Do takich wniosków prowadzi analiza techniczna – większość akcji w sektorze budowlanym jest w trendzie spadkowym. W tej sytuacji zachętą do kupowania akcji mogłyby być jedynie niskie wyceny, ale czy ten warunek jest już spełniony?

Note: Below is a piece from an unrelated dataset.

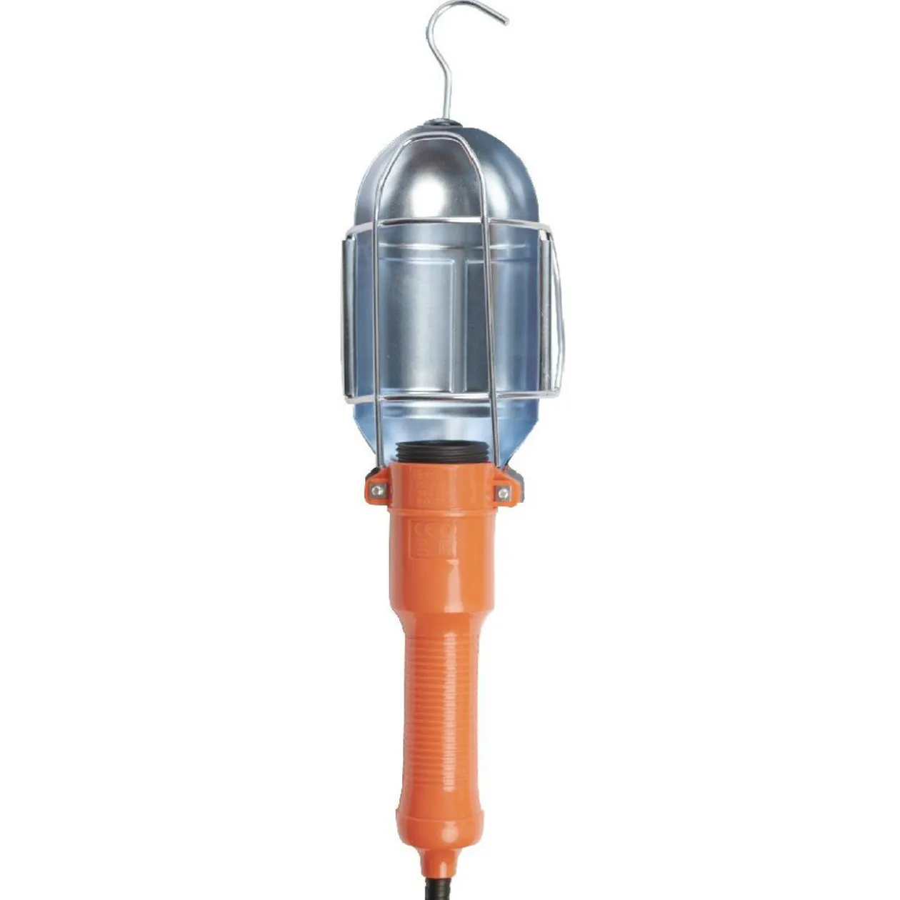 Lampe baladeuse de chantier avec câble de 5 m de longueur. Dotée d’une protection métallique aveccrochet rotatif pour un éclairage optimal durant tous vos travaux de bâtiments ou les ateliers.

Aktualizacja: 25.02.2017 20:57 Publikacja: 26.04.2011 02:59

Tomasz Hońdo

Tomasz Hońdo

Foto: Archiwum

W poprzednich tygodniach podtrzymywaliśmy tezę sugerującą, że mimo wszelkich wątpliwości nadal warto trzymać się trendu wzrostowego dominującego w branżach takich jak chemikalia i metale. Niestety, w przypadku szeroko pojętego budownictwa sprawa przedstawia się zupełnie inaczej. I nie chodzi tu o to, że nie warto trzymać się trendu, lecz o to, że ów trend nie jest wzrostowy.

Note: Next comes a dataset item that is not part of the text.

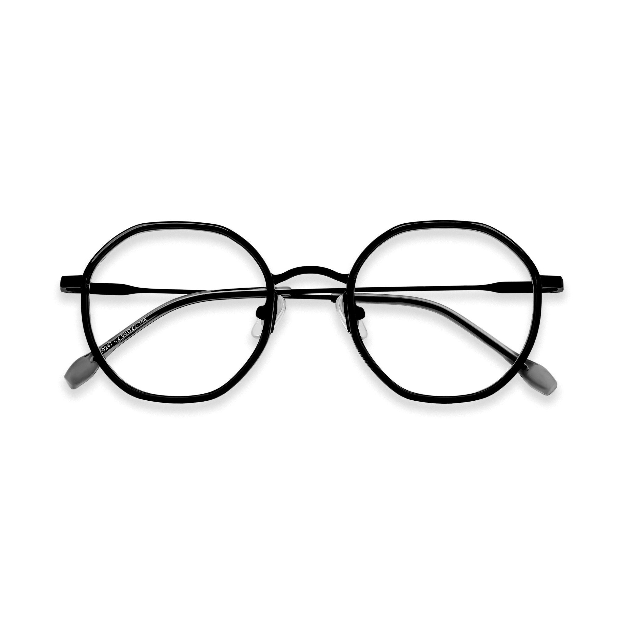 These eyeglasses are a harmonious blend of style and practicality. The frames are crafted from a likely alloy of metal, featuring a smooth, polished black finish that gives them a sleek and modern look. With a round lens shape having a slightly angular outer edge, they present a trendy, retro – modern aesthetic suitable for various occasions.

Na początek rzućmy okiem na wykres oficjalnego giełdowego indeksu WIG-Budownictwo. W ostatnich tygodniach doszło tu do niekorzystnych rozstrzygnięć, a ich źródło leży jeszcze w wydarzeniach z września ub.r. Wtedy to indeks branżowy zrezygnował z walki o pokonanie szczytu z kwietnia 2010 r., po czym zaczął się równomiernie osuwać. O ile początkowo oznaczało to trend spadkowy jedynie w średnim terminie, to w lutym br. tendencja ta nabrała większego wymiaru. Indeks przebił bowiem dołek z końca 2009 r. i znalazł się najniżej od maja 2009 r. W takiej sytuacji trudno mówić o tym, że w sektorze panuje jeszcze hossa.

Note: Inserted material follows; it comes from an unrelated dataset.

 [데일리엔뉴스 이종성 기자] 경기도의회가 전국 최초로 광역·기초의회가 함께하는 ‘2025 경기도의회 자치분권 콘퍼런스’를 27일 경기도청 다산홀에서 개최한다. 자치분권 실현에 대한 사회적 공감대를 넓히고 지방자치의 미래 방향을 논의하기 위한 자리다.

[srodtytul]Siła relatywna systematycznie w dół[/srodtytul]

To jak słabo prezentuje się giełdowa „budowlanka”, jeszcze lepiej widać w zestawieniu z utrzymującym się od ponad dwóch lat trendem wzrostowym na całym rynku. Siła relatywna WIG-Budownictwo względem WIG opadła do poziomu najniższego od ponad pięciu lat. Innymi słowy, całkowicie zniwelowana została przewaga, jaką firmy budowlane wypracowały w ciągu kilkunastu miesięcy zakończonych euforycznym rajdem na wiosnę 2007 r. (który był napędzany przez informacje o przyznaniu Polsce prawa organizacji Euro 2012).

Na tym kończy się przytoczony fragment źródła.